Hidden in the depths of eighteenth-century London, a secret apothecary shop caters to an unusual kind of clientele. Women across the city whisper of a mysterious figure named Nella who sells well-disguised poisons to use against the oppressive men in their lives. But the apothecary’s fate is jeopardized when her newest patron, a precocious twelve-year-old, makes a fatal mistake, sparking a string of consequences that echo through the centuries.

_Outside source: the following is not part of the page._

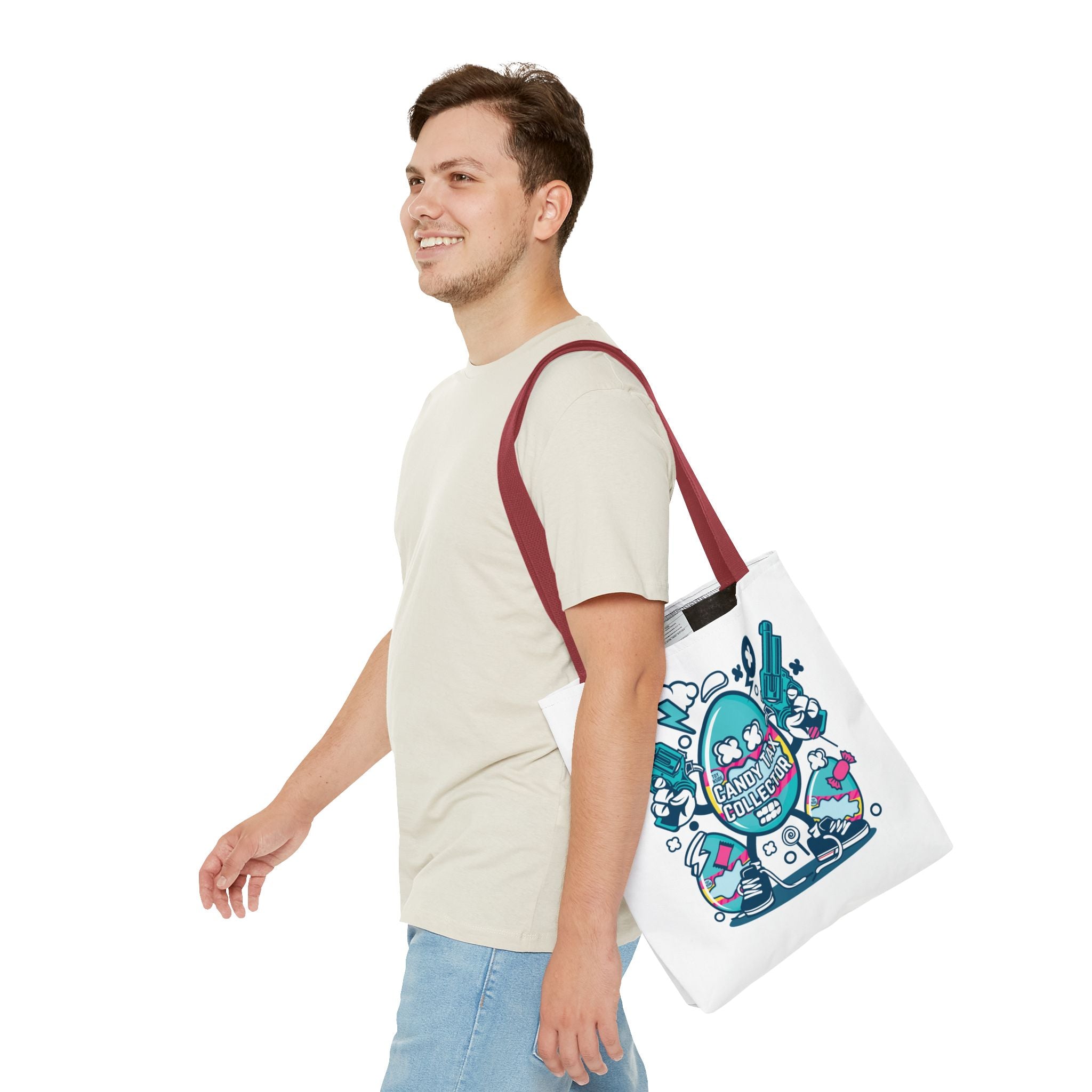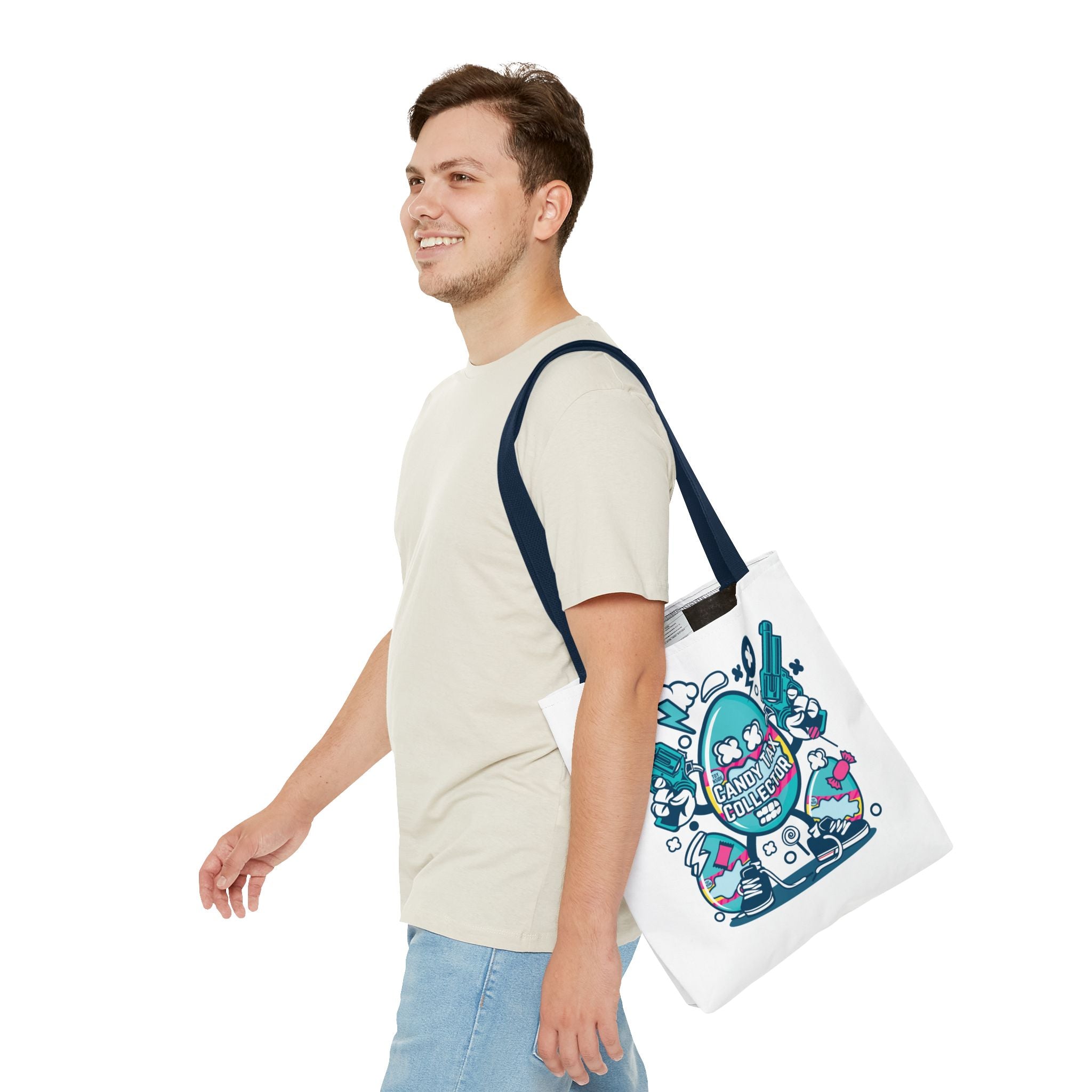 Made with 100% spun polyester and featuring double-stitched seams, cotton webbing straps, and a nonwoven laminate lining, this bag is built for durability. The vibrant all-over print is created using dye sublimation, giving it high-end, eye-catching visuals that match its humorous theme. Choose from 5 different handle colors to fit your style and get ready to "collect" in style.

Meanwhile in present-day London, aspiring historian Caroline Parcewell spends her tenth wedding anniversary alone, running from her own demons. When she stumbles upon a clue to the unsolved apothecary murders that haunted London two hundred years ago, her life collides with the apothecary’s in a stunning twist of fate—and not everyone will survive.

Reception 
The Lost Apothecary is a New York Times best seller.

Before publication, the book was named one of the most anticipated books of the year by CNN, HELLO!, Newsweek, and O, The Oprah Magazine.

Following publication, the book received positive reviews from NPR, Booklist, and Library Journal, as well as a mixed review from Publishers Weekly. Reader's Digest, Good Housekeeping, and Cosmopolitan included it in their lists of best books of the year.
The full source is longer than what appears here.